**DATASET EXTRACT:**
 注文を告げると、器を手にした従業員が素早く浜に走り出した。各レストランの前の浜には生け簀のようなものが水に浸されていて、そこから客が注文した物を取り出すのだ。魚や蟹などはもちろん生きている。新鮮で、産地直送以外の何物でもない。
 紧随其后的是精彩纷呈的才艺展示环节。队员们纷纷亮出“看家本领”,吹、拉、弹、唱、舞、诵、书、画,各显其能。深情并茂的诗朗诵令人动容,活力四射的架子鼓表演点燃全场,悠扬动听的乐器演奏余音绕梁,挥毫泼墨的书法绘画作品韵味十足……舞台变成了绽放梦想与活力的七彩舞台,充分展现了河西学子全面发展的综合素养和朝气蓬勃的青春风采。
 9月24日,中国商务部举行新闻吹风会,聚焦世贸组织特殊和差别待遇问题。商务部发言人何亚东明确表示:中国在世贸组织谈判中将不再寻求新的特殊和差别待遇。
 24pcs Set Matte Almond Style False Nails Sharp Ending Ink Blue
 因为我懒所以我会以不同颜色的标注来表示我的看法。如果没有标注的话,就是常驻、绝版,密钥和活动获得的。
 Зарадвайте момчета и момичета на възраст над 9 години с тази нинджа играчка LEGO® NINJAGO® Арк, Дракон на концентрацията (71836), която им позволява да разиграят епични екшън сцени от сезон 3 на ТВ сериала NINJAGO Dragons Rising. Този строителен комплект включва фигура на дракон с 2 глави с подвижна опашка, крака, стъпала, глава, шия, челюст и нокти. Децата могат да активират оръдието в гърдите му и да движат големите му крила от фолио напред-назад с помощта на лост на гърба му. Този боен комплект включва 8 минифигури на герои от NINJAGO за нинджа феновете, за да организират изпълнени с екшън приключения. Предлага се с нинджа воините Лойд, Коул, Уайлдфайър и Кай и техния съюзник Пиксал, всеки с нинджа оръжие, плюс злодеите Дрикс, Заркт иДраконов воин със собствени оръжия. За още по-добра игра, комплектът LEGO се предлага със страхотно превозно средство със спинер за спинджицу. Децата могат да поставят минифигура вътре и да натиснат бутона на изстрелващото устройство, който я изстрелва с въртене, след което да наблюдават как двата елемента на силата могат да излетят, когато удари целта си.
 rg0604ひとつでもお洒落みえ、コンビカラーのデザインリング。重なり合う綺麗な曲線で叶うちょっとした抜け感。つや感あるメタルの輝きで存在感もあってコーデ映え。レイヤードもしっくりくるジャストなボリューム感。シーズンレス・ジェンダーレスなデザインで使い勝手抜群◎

==

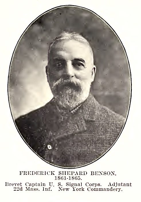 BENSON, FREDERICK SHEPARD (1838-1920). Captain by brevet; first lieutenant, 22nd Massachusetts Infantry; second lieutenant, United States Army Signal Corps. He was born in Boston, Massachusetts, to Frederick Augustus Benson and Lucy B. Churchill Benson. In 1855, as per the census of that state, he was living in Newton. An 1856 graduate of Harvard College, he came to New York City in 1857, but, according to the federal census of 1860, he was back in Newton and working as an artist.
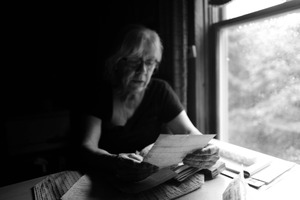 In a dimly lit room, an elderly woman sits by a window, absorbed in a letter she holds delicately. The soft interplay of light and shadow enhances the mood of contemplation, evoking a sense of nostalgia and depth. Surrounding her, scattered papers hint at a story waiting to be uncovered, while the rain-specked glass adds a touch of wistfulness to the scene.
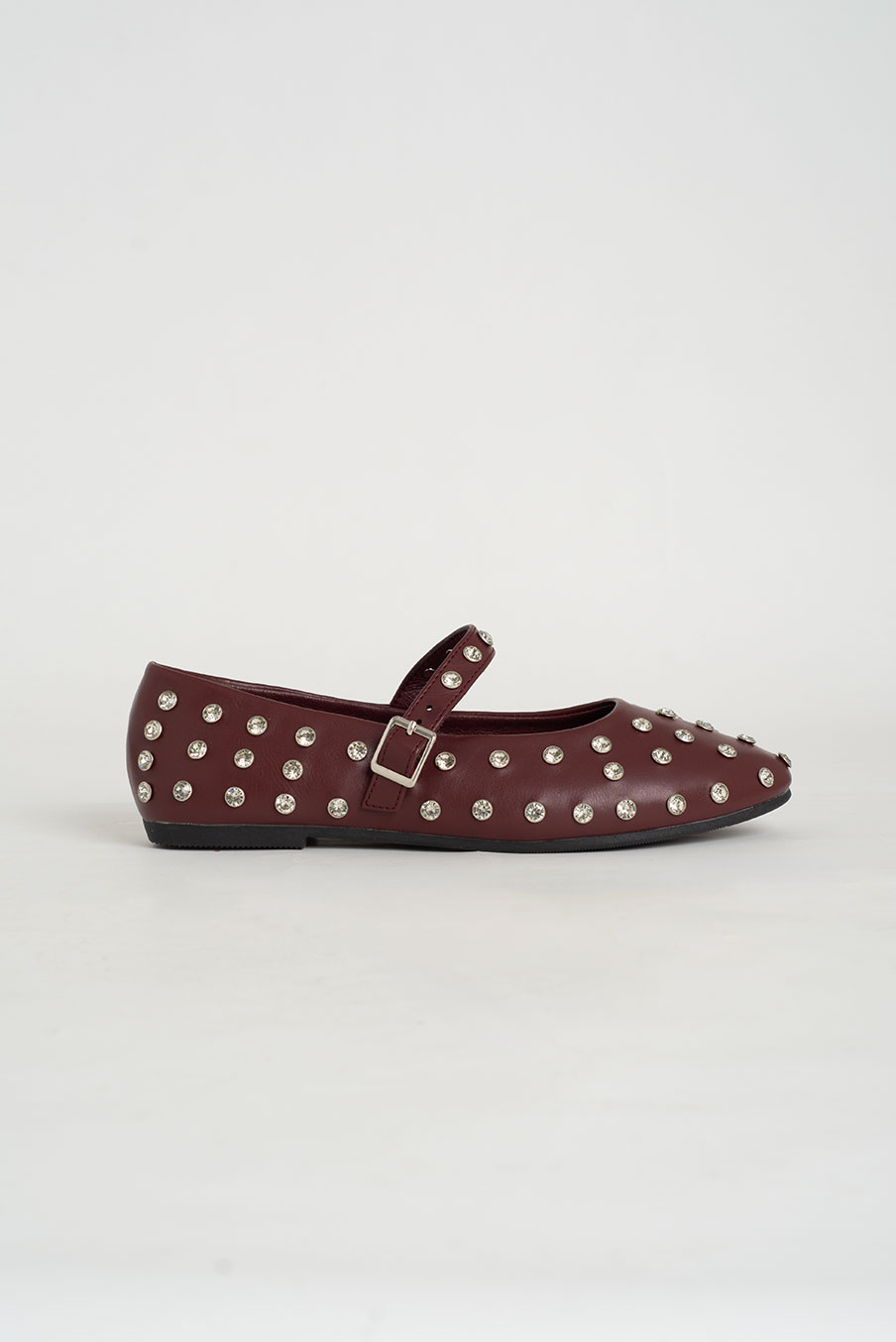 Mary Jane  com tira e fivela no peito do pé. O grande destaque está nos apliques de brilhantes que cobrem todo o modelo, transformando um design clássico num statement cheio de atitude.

**WORK ORDER:** A word-for-word copy of the lines above from the one with "注文を告げると、器を手にした" through the one with "因为我懒所以我会以不同颜色的", inclusive, is the only output wanted.

**YOUR SOLUTION:**
 注文を告げると、器を手にした従業員が素早く浜に走り出した。各レストランの前の浜には生け簀のようなものが水に浸されていて、そこから客が注文した物を取り出すのだ。魚や蟹などはもちろん生きている。新鮮で、産地直送以外の何物でもない。
 紧随其后的是精彩纷呈的才艺展示环节。队员们纷纷亮出“看家本领”,吹、拉、弹、唱、舞、诵、书、画,各显其能。深情并茂的诗朗诵令人动容,活力四射的架子鼓表演点燃全场,悠扬动听的乐器演奏余音绕梁,挥毫泼墨的书法绘画作品韵味十足……舞台变成了绽放梦想与活力的七彩舞台,充分展现了河西学子全面发展的综合素养和朝气蓬勃的青春风采。
 9月24日,中国商务部举行新闻吹风会,聚焦世贸组织特殊和差别待遇问题。商务部发言人何亚东明确表示:中国在世贸组织谈判中将不再寻求新的特殊和差别待遇。
 24pcs Set Matte Almond Style False Nails Sharp Ending Ink Blue
 因为我懒所以我会以不同颜色的标注来表示我的看法。如果没有标注的话,就是常驻、绝版,密钥和活动获得的。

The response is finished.